Hi Patric, I am getting this error "LIBCMTD.lib(crt0.obj) : error LNK2019: unresolved external symbol _main referenced in function ___tmainCRTStartup" on VS2013 using CUDA 6.5. What could it be?

Thanks Patric. I am getting Error in .C("cufft", as.integer(n), as.integer(inverse), as.double(Re(z)), :

C symbol name "cufft" not in load table

It is strange since I am using "extern" as you indicated

Thanks for your interesting for our post :)

Actually, I was compiling and testing my code in Linux, so I am not very sure this problem in VS IDE. But I think you're correct to add 'extern "C"' keyword :)

Several high level suggestions to debug the problem:

0) save the source code with .c prefix (not .cpp)

1) ensure the compiled function (32bit/64bit) matched your R-installation

2) try to compile a pure C/C++ code (without CUDA code) and load in R

3) build pure CUDA code in VS (with main function to run and test)

4) finally, combine 2) and 3)

Hope this can help you. Feel free to let's know if you have further problems and questions in compiling or using CUDA in R.

Best Regards,

--Patric

Thank you very much Patric, really appreciate your help. I double checked my code in VS2013 in 64bits. Now, it works like a charm. I wasn't declaring properly the host function , as it should be for example 'extern "C" __declspec(dllexport) void vectorAdd(double* param){ '. My code is a .cu file, so there are not problems caused by the file type. By the way, the R function getLoadedDLLs() might be showing TRUE for our dll, but if we forgot to properly add "__declspec(dllexport)", we still wont be able to fire the functions as was happening to me (which naturally makes sense, since we are not flagging those functions to be exported)

Cool! Thanks for these tips of VS2013 in Windows.

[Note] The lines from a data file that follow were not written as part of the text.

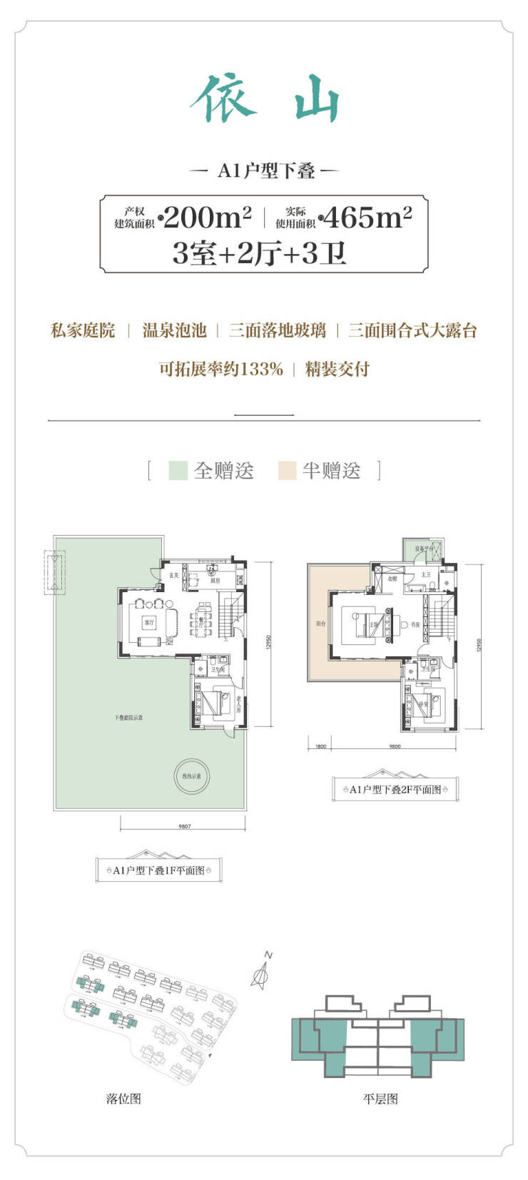 商墅丨产权建筑面积约350㎡,可拓展率约270%,实际使用面积约1310㎡
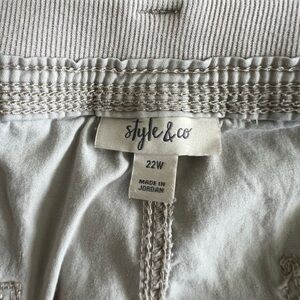plus size 22W Cropped cargo pants by Style & Co. Stone color. Features multiple pockets for convenience. Comfortable waistband. Bungee cord at hem . Very comfy pants . EUC no stains or flaws. Plenty of wear left. Cleaned ready to wear
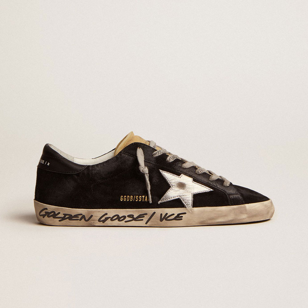 A timeless icon yet one thats constantly evolving. At Golden. we love taking our classics and reworking them all the time. always from a new angle. These Super-Star sneakers with black suede upper feature a silver metallic leather star. a black leather heel tab. and Golden Goose logo lettering screen-printed on the foxing. The ice-gray laces with contrasting black logo complete the look.

hi patric. I need similar steps for windows. could you suggest me some good links for the same.

Hi Randy,

Thanks for your interest in our blog.

I have updated the blog for how to build R applications with CUDA by VS2013 on Windows. Hope it can help for you.

Thanks.

Hi Patric,

Can we expect the same at some point for Stata, either running under Windows or Unix?

Best regards,

Eric

Does Stata have a programming language with a foreign function interface? Does it rely on any standard math library interfaces (e.g. BLAS) where CUDA libraries could be used as a replacement?

Hi Patric, although this is 2 years ago posting, I really happy to see this article. Thank you! :D

Thank you for the interesting article and practical examples.

I would like to point out what I suspect are two small errors:

1) In Figure 2, the Cuda code for the FFT, the first line is an incomplete include statement. My guess would be that the line 1 should read:

"""

#include <r.h>

"""

(the R should be capital, Disqus is not rendering it as such on my end for some reason).

And the file compiles when this change is made.

2) In Figure 4, the Vector Add function, line 30, where the vector add kernel is being called, references variables "gridsize" and "blocksize", whereas the variables were defined with a capital S: "gridSize" and "blockSize".

Fixed, thanks!

Thanks for this detailed instruction.

I have a performance Issues with CUDA and R. I achieved a good performance when I use cublas for a matrix multiplication. It is about 6 seconds for MatrixA(10000,10000), MatrixB(10000,10000).

However, the performance is not good when I used the kernel function developed in NVIDIA SDK for a matrix multiplication. It is about 40 seconds for MatrixA(10000,10000), MatrixB(10000,10000).

I have no idea why it occurs. I really appreciate if you have any suggestions.